<<<<

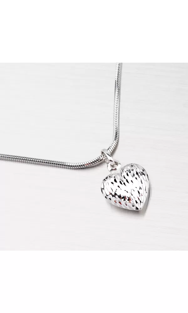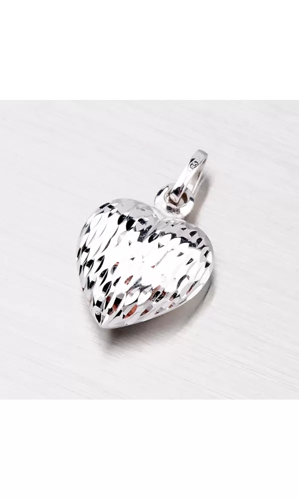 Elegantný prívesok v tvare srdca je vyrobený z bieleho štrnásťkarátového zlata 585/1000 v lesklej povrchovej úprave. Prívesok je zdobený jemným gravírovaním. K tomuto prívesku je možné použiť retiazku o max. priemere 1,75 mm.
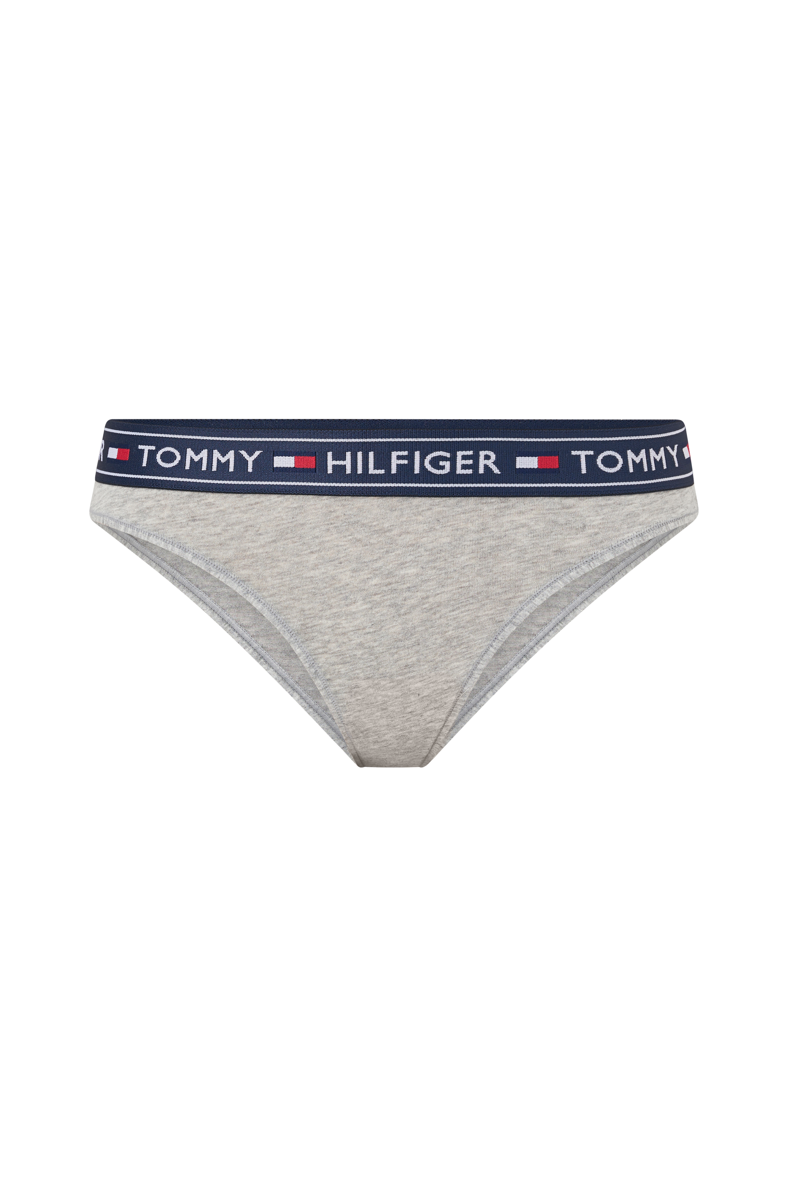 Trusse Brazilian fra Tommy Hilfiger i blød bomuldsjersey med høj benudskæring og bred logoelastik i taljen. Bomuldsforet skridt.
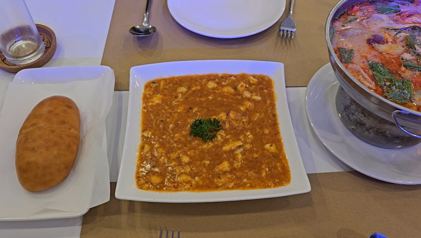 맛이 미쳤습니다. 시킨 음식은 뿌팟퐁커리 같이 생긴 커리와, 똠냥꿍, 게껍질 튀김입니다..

>>>>

PROBLEM STATEMENT: Write out the whole listing exactly, with no pictures.

SOLUTION TO THIS TASK:
 Elegantný prívesok v tvare srdca je vyrobený z bieleho štrnásťkarátového zlata 585/1000 v lesklej povrchovej úprave. Prívesok je zdobený jemným gravírovaním. K tomuto prívesku je možné použiť retiazku o max. priemere 1,75 mm.
 Trusse Brazilian fra Tommy Hilfiger i blød bomuldsjersey med høj benudskæring og bred logoelastik i taljen. Bomuldsforet skridt.
 맛이 미쳤습니다. 시킨 음식은 뿌팟퐁커리 같이 생긴 커리와, 똠냥꿍, 게껍질 튀김입니다..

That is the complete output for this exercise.